Sucker, a feature film by a mate of mine, Lawrence Leung, just had its world premiere at MIFF. It’s a lot of fun and bounces along, with conmen and conwomen playing angles in all directions. It’s in cinemas later this year and I’d definitely recommend it. I’m inspired enough that I’m spending the morning digging back into my one hundred year old copy of the autobiography of one of my all-time favourite magicians, the French pioneer Robert-Houdin.

At MIFF, Chloé and I also saw Racing Extinction, which I almost had to walk out of when there was footage of a manta ray being murdered, live in screen, but it’s a well made doco by the maker of The Cove. Can we save the world? It seems like there are a lot of parties working to destroy it, but at least some people are having a crack the other way.

For the flipside of that, we watched Sherpa: Trouble on Everest, which has been described as the most awesomely visual industrial relationships dispute in cinema history. It follows the ill-fated 2014 season on Everest, as dozens or maybe hundreds of westerners line up to tick the world’s tallest mountain of their bucket list, while Sherpas, the local people and the ones who make it happen, become increasingly and reasonably upset.

To change things up, we also went to the vintage Australian classic Storm Boy, which totally holds up all these years later – and was a time capsule of the exact fashion I used to wear to primary school in the mid-Seventies.

The Daughter was a harrowing but really well made Australian film and Diary of a Teenage Girl was excellent. The first scene alone, from a writer’s point of view, left me full of admiration: a girl is walking through a park in Seventies fashion. Good music is playing. A super reads: San Francisco 1970s. Then the girl’s inner monologue says: ‘I had sex today … HOLY SHIT!’
The film had me from that moment: even before I realised Eric from True Blood (Alexander Skarsgård) was a co-star.
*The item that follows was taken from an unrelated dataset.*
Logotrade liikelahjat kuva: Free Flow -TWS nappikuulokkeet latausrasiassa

On the small screen, I’ve been digging the Fred Vargas collection, a French detective series, apparently based on best-selling books. All I know is that the character development and the relationships between the characters, are brilliant.
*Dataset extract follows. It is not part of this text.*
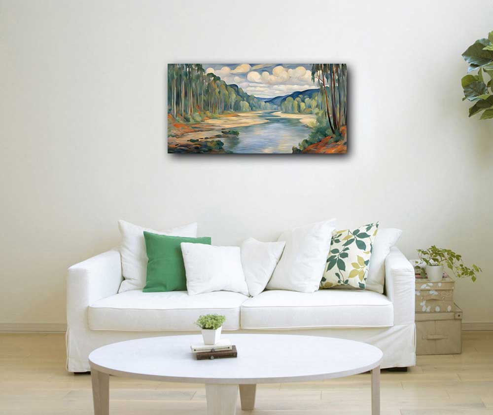 According to Vastu, water elements like rivers symbolize wealth and purification. Placing a river painting in your home or office can invite positive energy and financial growth. Here’s why river paintings are important:

In music, well I still listen to everything and anything. I’m loving, in no particular order, Get Direct by Joan As Police Woman, Red Eyes by The War On Drugs, Don’t Come Knocking by Kitty, Daisy & Lewis, Ginette (a mighty mighty song) by Têtes Raides, which pretty much makes me cry every time I hear it, Fade Out Lines by The Avener, and I Will Follow You into The Dark, by Death Cab for Cutie. Feeling old skool? Try Rain Rain Go Away by Lee Dorsey or River by Joni Mitchell.

And reading … The New Yorker has had some incredible articles lately, particularly this one about the Cascadia fault line, lurking like a timebomb off the north-west coast of the USA. I wouldn’t be buying real estate in Portland any time soon, and man, it’s a scary article – about nature and also about the inability of humans to pre-plan. (Update: This New Yorker piece went on to win the Pulitzer Prize)

I’ve been roving between books. Will Brodie’s Reality Check is a brilliant read, even if you’re not an Australian ice hockey tragic like me. Nicholas J Johnson has backed up Chasing The Ace with Fast And Loose, and hasn’t dropped any quality. No second album syndrome happening with the Honest Con Man, so bravo to him.

Plus I’m reading The Frood by Jem Roberts, which is sort of an officially authorised by his family unofficial biography of Douglas Adams, of whom none of us are worthy. Roberts has written about British comedy for a while and manages not to veer into fandom or gushy writing. Adams’ insecurities, the moments of creative despair pre-Hitchhikers Guide To The Galaxy and other under the hood realities are there, along with the rockstar friendships and his soaring success. I think all writers, across disciplines, know that despair and the endless insecurity. Keep putting one foot in front of the other and believe, people. That goes for you too, Place.